Но они едят и пьют, в последовательности произнося тосты, которых всего девяносто восемь – тост за Святого Георгия в этот день их главный тост. О женщинах они не вспоминают.
Потом они приблизились к тосту за изобилие стола, чтобы оно никогда не иссякало, вовеки вечное изобилие. Последним был тост за порог этого дома, чтобы чаще переступали его гости. И чтобы в этом пожелании не прозвучало непристойности, касающейся дома одинокой женщины, они тут же, в тосте, предостерегли, чтобы никакой гость не оскорбил этой чистой женщины.
Для Мелиссы прозвучавший тост означает возвращение кого-то одного из всех. Но кто же он? О нет, она не расставляет силков из обильной пищи, она честно и мужественно созвала всех, но, как у девочки, замирает сердце – кто же станет суженым из всех?
– Интересно, повсюду они одинаковы – мужчины? – задала бы она вопрос Святому, и у нее еще оставалась масса вопросов.
Праздник был в разгаре, его венчали застольные песни, посвященные Святому Георгию, покровителю мужчин и путников, в частности. Не его ли голос различала она в общем хоре, похожий на голос, дававший ей наставления за сараем?!

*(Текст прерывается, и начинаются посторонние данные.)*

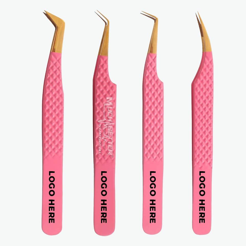 Ensemble de pinces à cils en acier inoxydable pour extension de cils en rose Marque privée personnalisée L Boot Fiber Tip Volume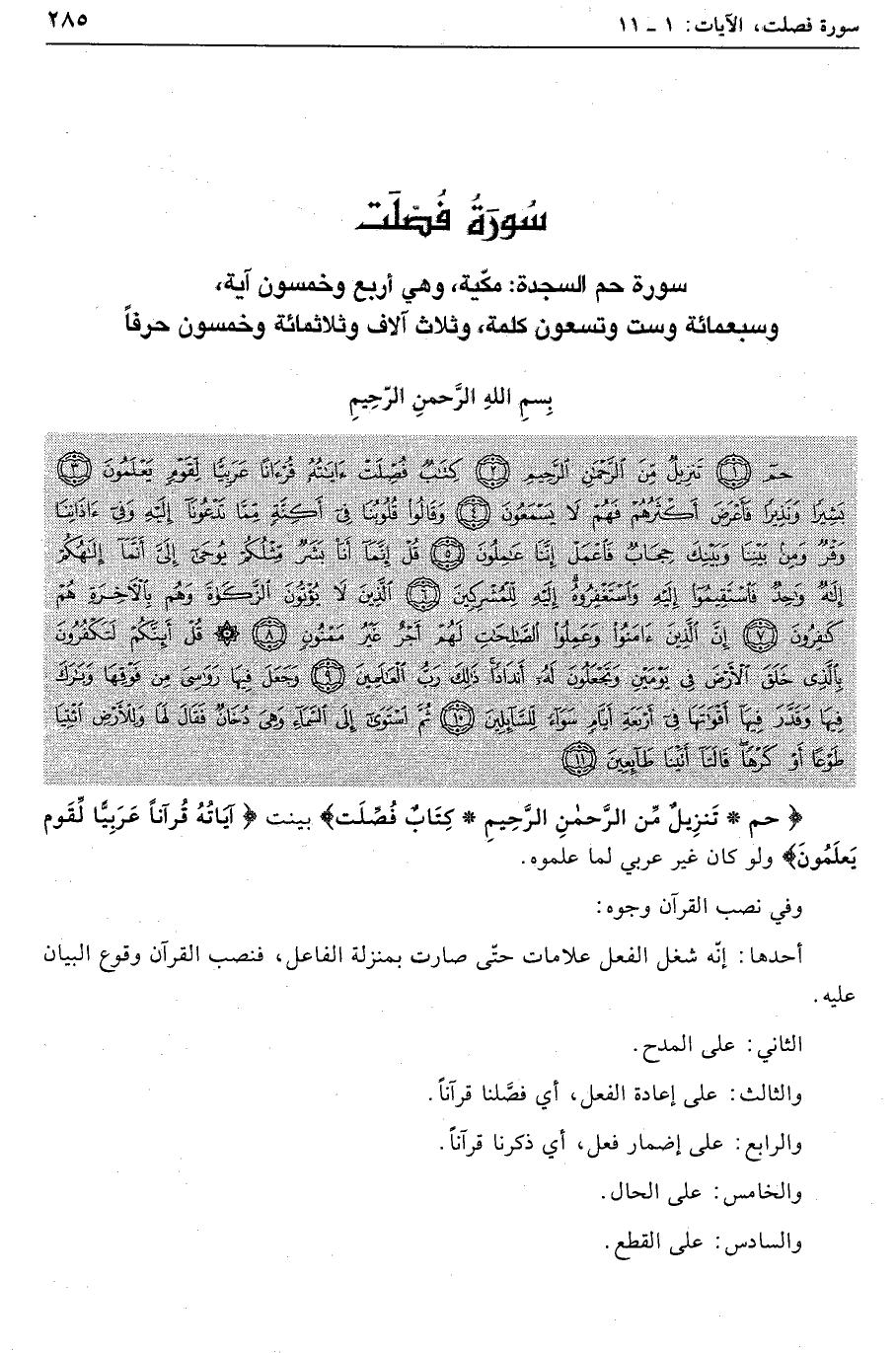 حم (1) تَنْزِيلٌ مِنَ الرَّحْمنِ الرَّحِيمِ (2) كِتابٌ فُصِّلَتْ آياتُهُ قُرْآناً عَرَبِيًّا لِقَوْمٍ يَعْلَمُونَ (3) بَشِيراً وَنَذِيراً فَأَعْرَضَ أَكْثَرُهُمْ فَهُمْ لا يَسْمَعُونَ (4)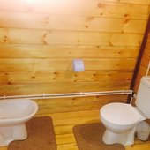 Плюсы: Есть горячая вода, душ и туалет в домике. Завтрак включен. Минусы: Цена сильно завышена. Бассейна как на картинке нет. В бане бассейн страшный с холодной водой. Детская площадка старая и на ней всё сломано...

Правда, звучал он из груди того, кто выше отметки ничтожества никогда не поднимался в глазах Мелиссы – выпивоха и грубиян. Хотя он никогда не нагрубил ей, но тем не менее на таких в душе Мелиссы было табу – вечное, священное табу порядочной женщины.
Да, для такого Мелисса всегда была недосягаема – в этом заключался смысл или бессмыслица ее одиночества – такой даром не нужен, а лучшего не встретила. Поэтому этот голос ровным счетом ничего не означал. Но, возможно, Святой Георгий и вправду был среди них, как пели они в этот момент.
Вот подошли они к концу своего застолья, высказаны теплые слова благодарности ей, женщине, потрудившейся во имя этого. Что же дальше будет, ждет Мелисса. Все же она единственная женщина, о которой они вспомнили в этот день. Ведь для того устроила она святилище еды покровителю чужого пола, чтобы отыскался покровитель и для нее, не Бог, просто мужчина, но это важней. От Бога ребенка не родишь, она не Мария, да и утром следует просыпаться рядом с горячим телом мужчины, а не с бесплотным духом.
Но тут Святой Георгий собирает свое стадо и уводит по дороге. Увел их, наевшихся, а значит, слепых и глухих – правду ли говорят, что путь к сердцу мужчины лежит через его желудок?! Она наполнила множество желудков, не найдя ни одной дороги к сердцу.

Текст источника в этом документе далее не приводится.